Stored dataset items
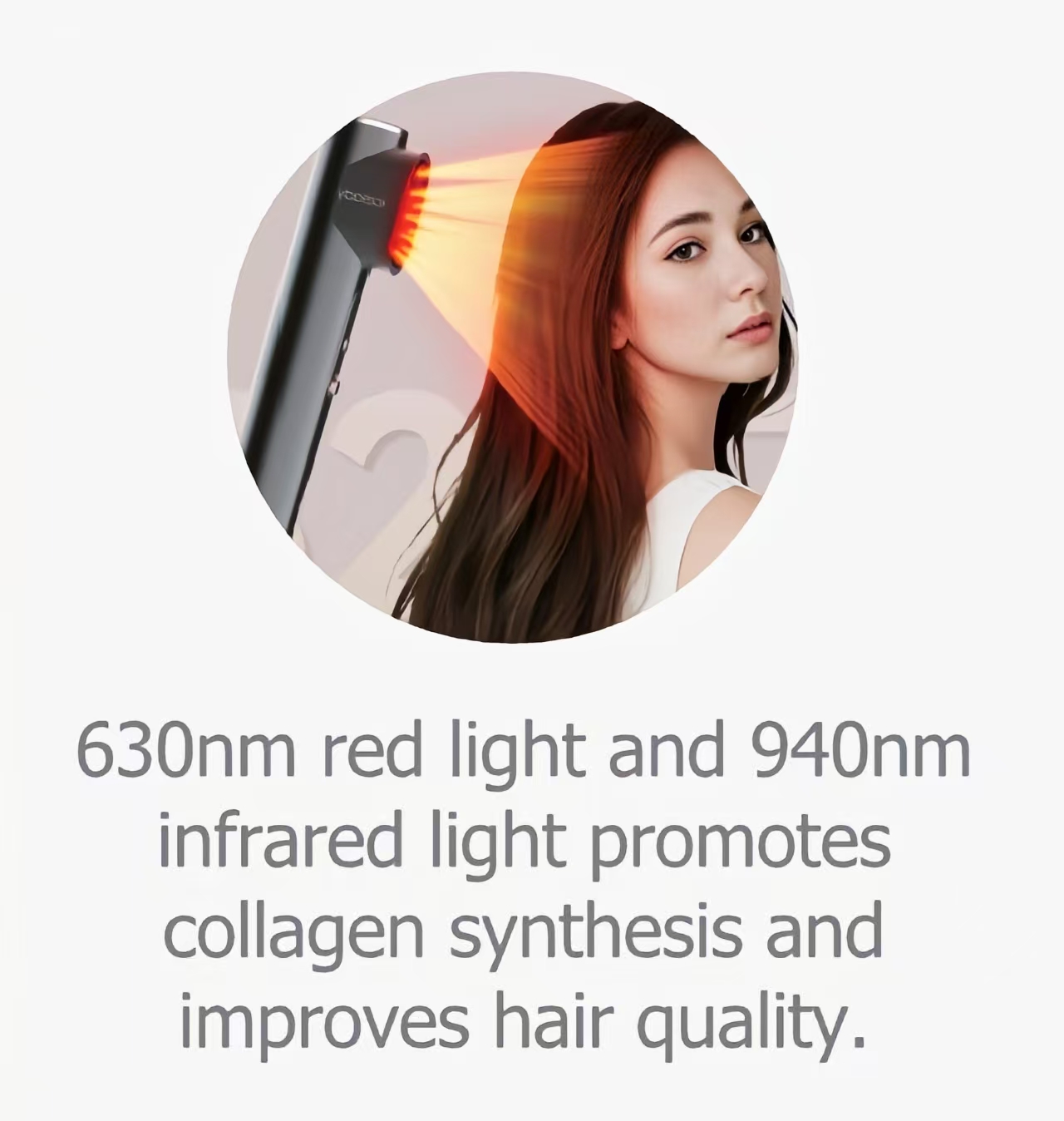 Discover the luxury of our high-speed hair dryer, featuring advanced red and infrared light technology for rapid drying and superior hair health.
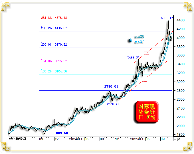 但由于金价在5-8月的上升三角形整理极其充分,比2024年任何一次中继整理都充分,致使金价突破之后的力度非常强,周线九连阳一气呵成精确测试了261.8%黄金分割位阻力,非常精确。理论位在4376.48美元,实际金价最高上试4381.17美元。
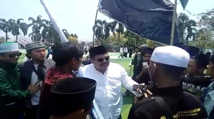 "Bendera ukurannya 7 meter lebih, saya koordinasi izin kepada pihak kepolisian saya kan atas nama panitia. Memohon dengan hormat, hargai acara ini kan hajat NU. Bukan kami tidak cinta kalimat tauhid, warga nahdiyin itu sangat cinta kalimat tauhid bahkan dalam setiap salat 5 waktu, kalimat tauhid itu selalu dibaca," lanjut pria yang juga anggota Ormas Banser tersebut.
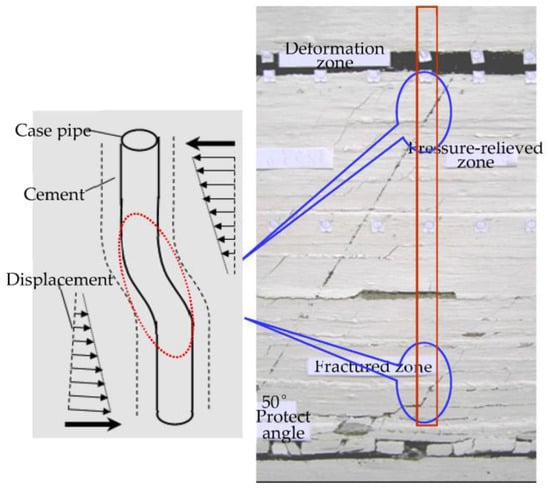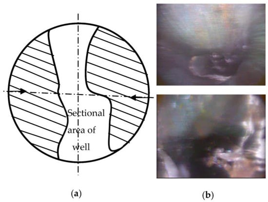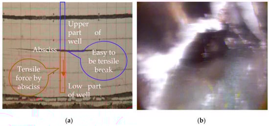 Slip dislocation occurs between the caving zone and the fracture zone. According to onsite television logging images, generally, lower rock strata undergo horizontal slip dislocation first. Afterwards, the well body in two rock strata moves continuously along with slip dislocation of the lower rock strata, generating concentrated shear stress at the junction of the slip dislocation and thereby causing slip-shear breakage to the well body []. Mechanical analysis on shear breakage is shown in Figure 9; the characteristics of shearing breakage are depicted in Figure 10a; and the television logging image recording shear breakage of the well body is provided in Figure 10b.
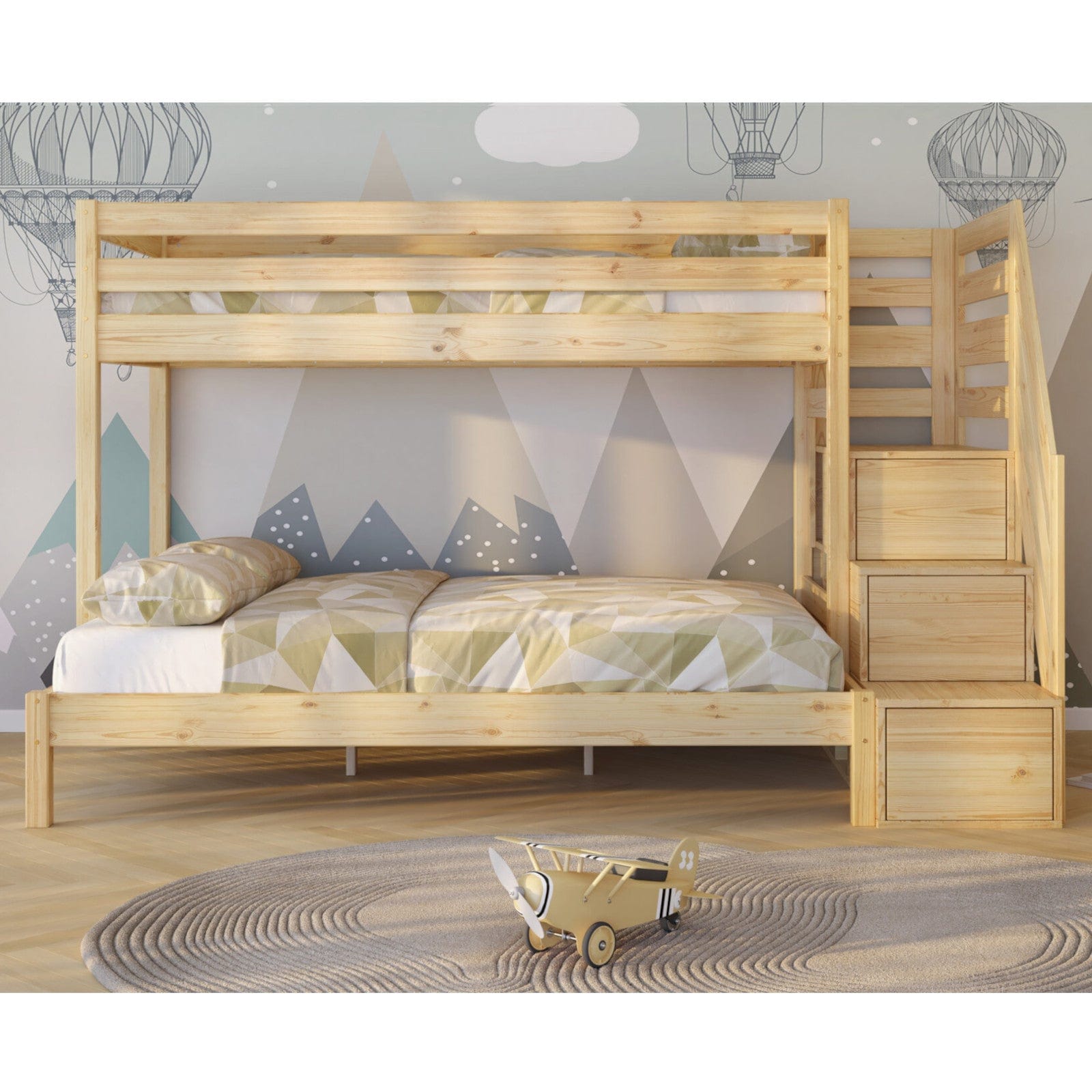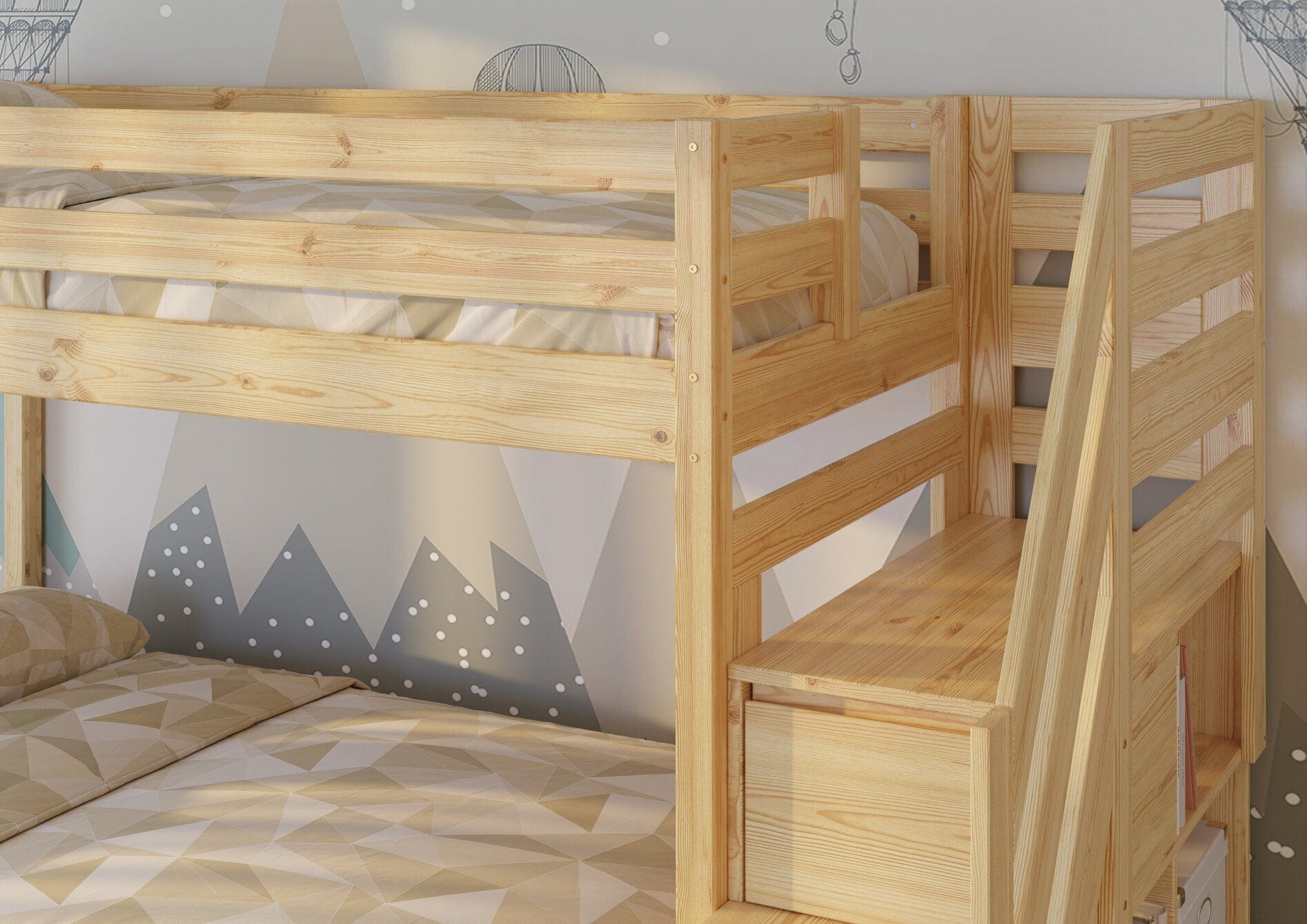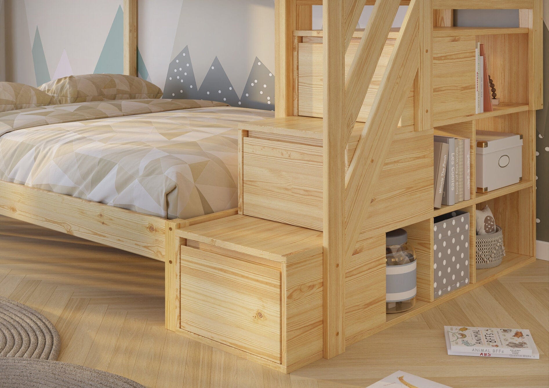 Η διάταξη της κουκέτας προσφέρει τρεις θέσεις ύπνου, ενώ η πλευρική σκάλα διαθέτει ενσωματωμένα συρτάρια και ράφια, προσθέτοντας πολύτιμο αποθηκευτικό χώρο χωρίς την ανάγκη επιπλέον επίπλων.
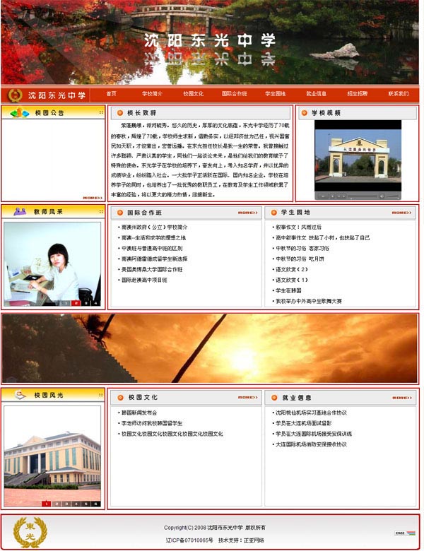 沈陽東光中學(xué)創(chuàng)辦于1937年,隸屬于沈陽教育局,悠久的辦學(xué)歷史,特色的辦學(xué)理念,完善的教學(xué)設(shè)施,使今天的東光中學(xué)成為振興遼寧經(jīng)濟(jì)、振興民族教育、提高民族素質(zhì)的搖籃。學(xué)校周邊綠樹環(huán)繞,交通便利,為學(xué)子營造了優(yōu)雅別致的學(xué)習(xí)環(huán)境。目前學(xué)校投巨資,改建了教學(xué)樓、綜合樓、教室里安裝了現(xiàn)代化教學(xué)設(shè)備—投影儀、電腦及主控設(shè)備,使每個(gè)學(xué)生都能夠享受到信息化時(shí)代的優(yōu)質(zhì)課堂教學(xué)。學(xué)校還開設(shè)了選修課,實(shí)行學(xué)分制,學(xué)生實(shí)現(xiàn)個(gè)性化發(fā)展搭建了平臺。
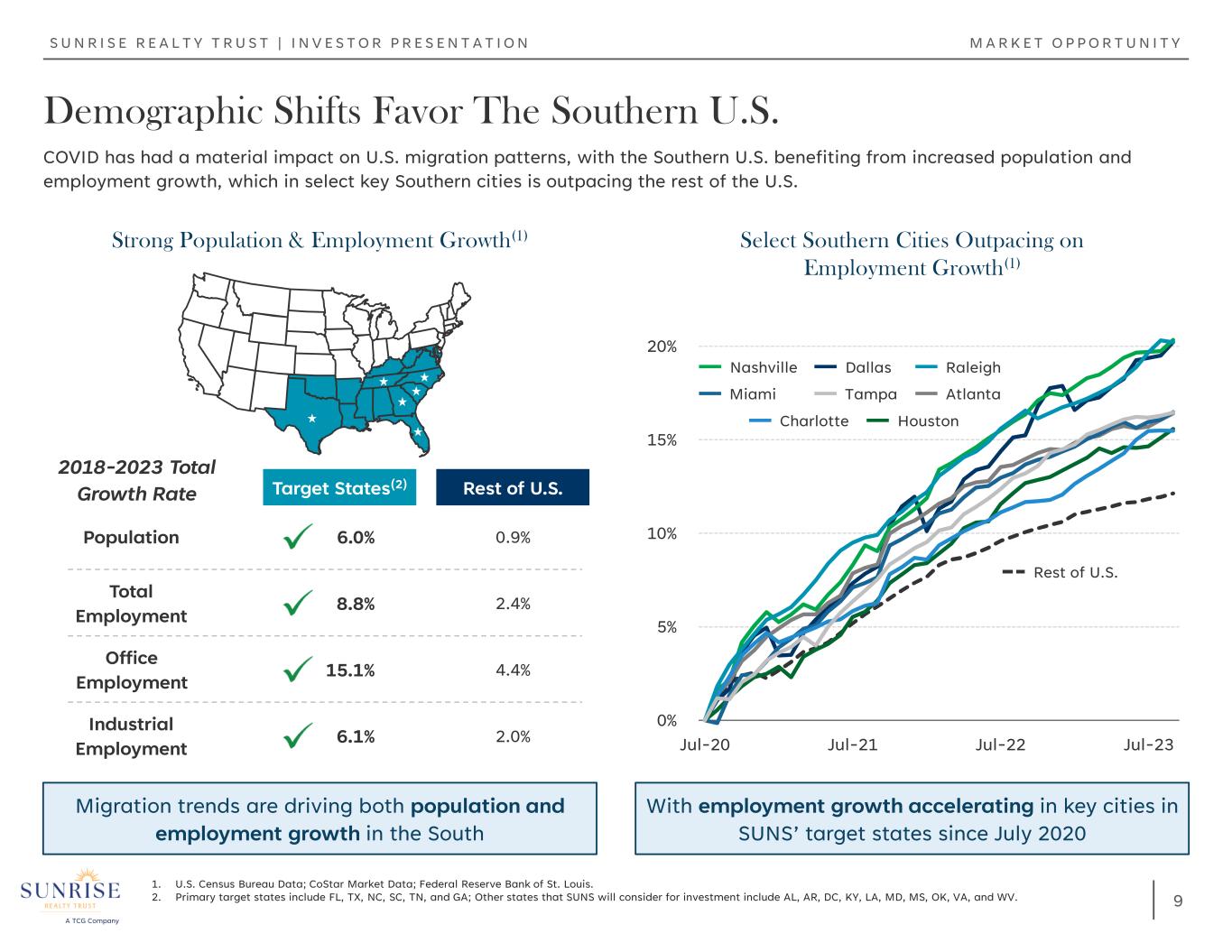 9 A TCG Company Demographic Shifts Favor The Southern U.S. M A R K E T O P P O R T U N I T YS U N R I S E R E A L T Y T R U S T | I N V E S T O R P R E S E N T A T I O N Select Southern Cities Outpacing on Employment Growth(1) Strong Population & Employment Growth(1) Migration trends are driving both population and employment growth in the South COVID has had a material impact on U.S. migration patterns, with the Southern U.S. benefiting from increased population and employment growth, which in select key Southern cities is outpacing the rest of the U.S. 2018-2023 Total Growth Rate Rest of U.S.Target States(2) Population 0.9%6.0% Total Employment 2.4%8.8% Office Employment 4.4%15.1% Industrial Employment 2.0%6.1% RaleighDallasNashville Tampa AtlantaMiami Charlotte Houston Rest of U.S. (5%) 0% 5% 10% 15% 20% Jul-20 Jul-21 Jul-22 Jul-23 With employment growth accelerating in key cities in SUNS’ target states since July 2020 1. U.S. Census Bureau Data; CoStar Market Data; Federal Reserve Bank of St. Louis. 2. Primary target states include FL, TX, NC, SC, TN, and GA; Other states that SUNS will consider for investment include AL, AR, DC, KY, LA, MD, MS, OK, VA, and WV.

What you need to do
Your reply should consist solely of the lines above, from the opening line through the line with "但由于金价在5-8月的上升三", reproduced exactly and without pictures.

Result
 Discover the luxury of our high-speed hair dryer, featuring advanced red and infrared light technology for rapid drying and superior hair health.
 但由于金价在5-8月的上升三角形整理极其充分,比2024年任何一次中继整理都充分,致使金价突破之后的力度非常强,周线九连阳一气呵成精确测试了261.8%黄金分割位阻力,非常精确。理论位在4376.48美元,实际金价最高上试4381.17美元。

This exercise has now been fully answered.